_What to do_
Starting at the line that contains "谜底花色衬衫七分袖女2025夏季新款复古风印花合体衬衣257MC7728", transcribe each line exactly through the end of the data below, and skip any pictures.

_Recorded information_
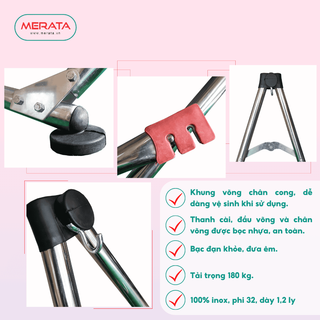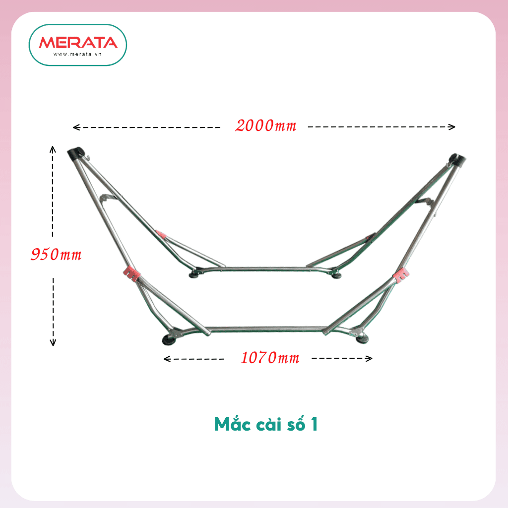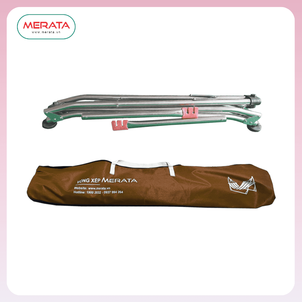 KHUNG VÕNG XẾP MERATA - VMI02 thuộc dòng khung võng xếp cao cấp được nâng cấp từ dòng khung võng VMI01, khả năng chịu tải lớn hơn lên đến 180 KG. Có bọc đế nhựa an toàn
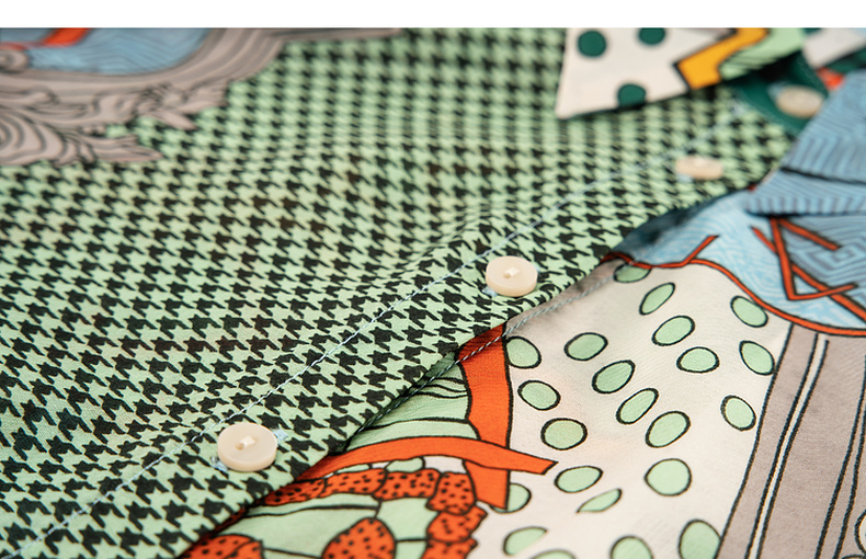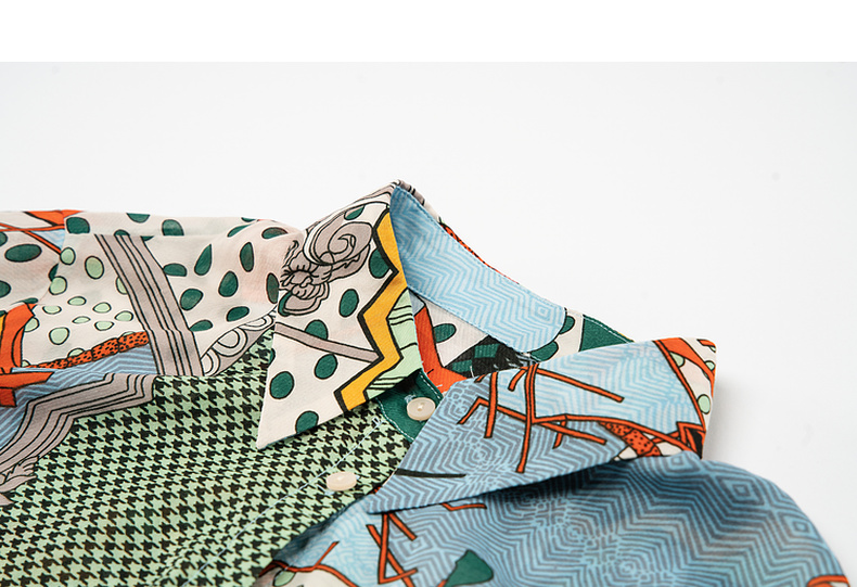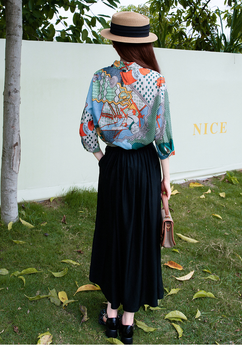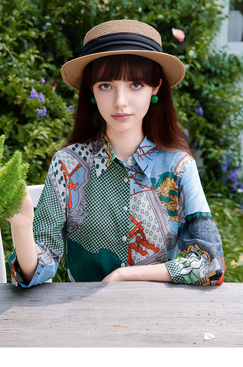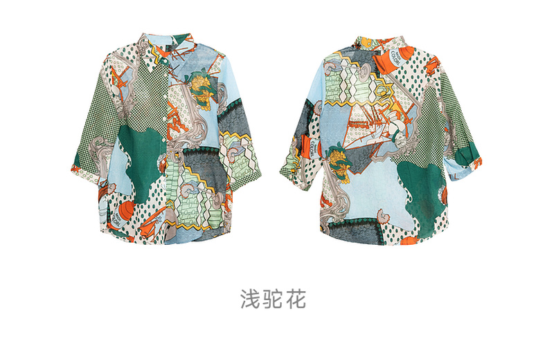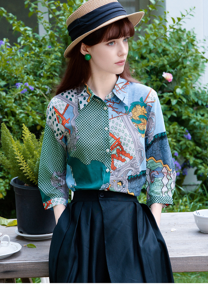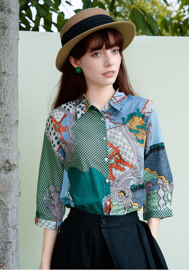 谜底花色衬衫七分袖女2025夏季新款复古风印花合体衬衣257MC7728
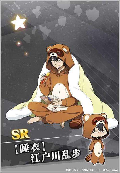 江户川则是穿着狸猫形象的睡衣,钻在被窝里边吃点心边看书,还真是的蛮符合他随性自然的生活态度。总是眯眯眼形象的乱步桑在这张卡的立绘上难得地睁开了眼睛,不过小人形象还依然是笑眯眯的。身后的狸猫尾巴更是为这张卡添加了几分萌点,你会喜欢这样的名侦探吗?

_Response area_
 谜底花色衬衫七分袖女2025夏季新款复古风印花合体衬衣257MC7728
 江户川则是穿着狸猫形象的睡衣,钻在被窝里边吃点心边看书,还真是的蛮符合他随性自然的生活态度。总是眯眯眼形象的乱步桑在这张卡的立绘上难得地睁开了眼睛,不过小人形象还依然是笑眯眯的。身后的狸猫尾巴更是为这张卡添加了几分萌点,你会喜欢这样的名侦探吗?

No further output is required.